Rosan menilai keputusan itu menjadi salah satu faktor yang menekan pasar, terutama pada saham-saham yang masuk dalam daftar penyesuaian. Menurut dia, investor asing biasanya lebih berhati-hati saat terjadi perubahan pada indeks acuan global.
Ia menjelaskan bahwa aksi investor global dapat memengaruhi arah perdagangan dalam jangka pendek. Namun, kondisi tersebut menurutnya tidak selalu mencerminkan prospek perusahaan dalam jangka panjang.
Rosan juga menekankan pentingnya membaca dinamika pasar secara menyeluruh. Ia menilai investor perlu memisahkan antara volatilitas teknikal dan kualitas fundamental emiten.
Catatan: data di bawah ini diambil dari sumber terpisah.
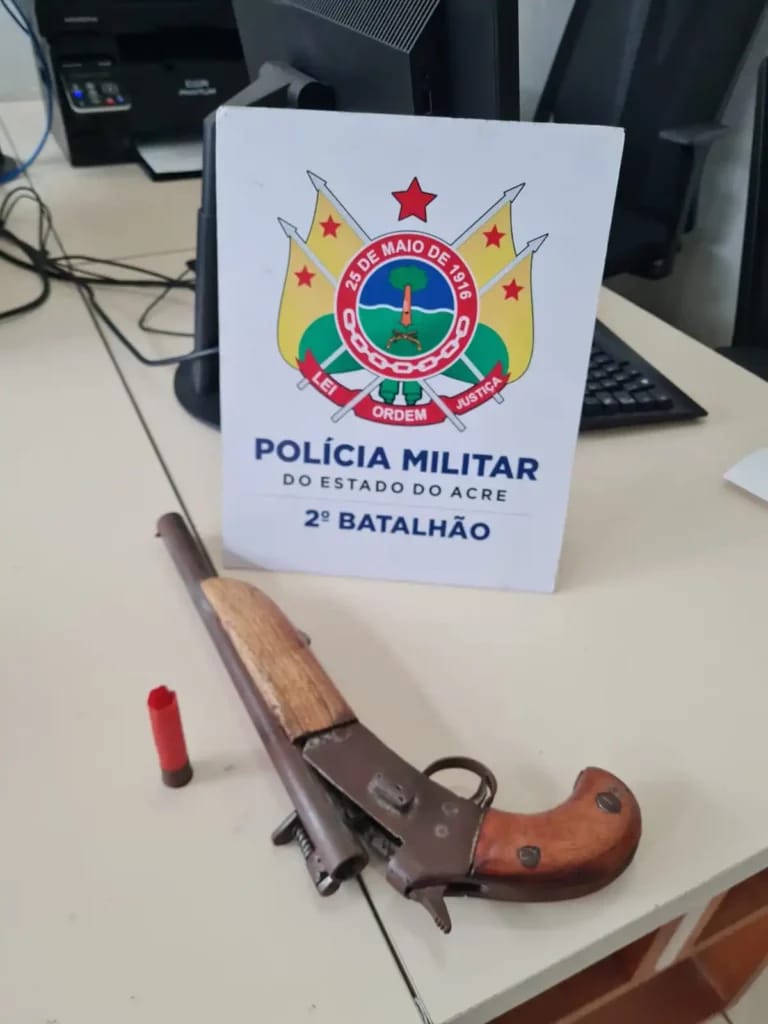 A Polícia Militar efetuou a prisão de um indivíduo que estava envolvido em atividades de extorsão e ameaças aos moradores do Bairro Recanto dos Buritis, utilizando uma arma de fogo artesanal. O incidente ocorreu na tarde do último sábado, 13, na travessa Osvaldo Coelho, localizada na região do 2º distrito de Rio Branco.

Fundamental BUMN Masih Kuat
Di tengah tekanan pasar, Rosan tetap optimistis terhadap kinerja perusahaan pelat merah. Ia menyebut fundamental BUMN masih kuat dan memiliki daya tahan yang baik.
Rosan mencontohkan bank-bank Himbara yang menurutnya masih menunjukkan performa positif. Ia bahkan menilai imbal hasil atau yield sejumlah bank tersebut berada di atas 10 hingga 11 persen.
Menurut dia, capaian itu menjadi sinyal bahwa beberapa emiten BUMN tetap memiliki daya tarik investasi. Kinerja tersebut juga menunjukkan bahwa tekanan pasar tidak selalu sejalan dengan kondisi operasional perusahaan.
Rosan menilai investor sebaiknya melihat prospek perusahaan secara jangka panjang. Ia percaya fondasi bisnis BUMN masih cukup solid untuk menopang pertumbuhan ke depan.
Prospek Jangka Menengah dan Panjang
Rosan menyampaikan keyakinan bahwa pasar akan membaik dalam jangka menengah dan panjang. Ia mengatakan tekanan yang terjadi saat ini lebih banyak dipengaruhi sentimen dan persepsi pasar.
Menurut dia, kondisi tersebut bersifat sementara dan dapat berubah seiring membaiknya kepercayaan investor. Ia menilai selama fundamental ekonomi tetap kuat, pasar pada akhirnya akan menemukan keseimbangannya.
Rosan menegaskan bahwa fondasi ekonomi nasional dan perusahaan milik negara masih berada dalam kondisi baik. Karena itu, ia meminta investor tidak hanya terpaku pada pelemahan harian IHSG.
Ia berharap pelaku pasar dapat menilai emiten secara objektif berdasarkan kinerja, bukan semata-mata gejolak sesaat. Dengan pendekatan itu, Rosan yakin pasar saham Indonesia memiliki peluang pemulihan yang lebih baik ke depan.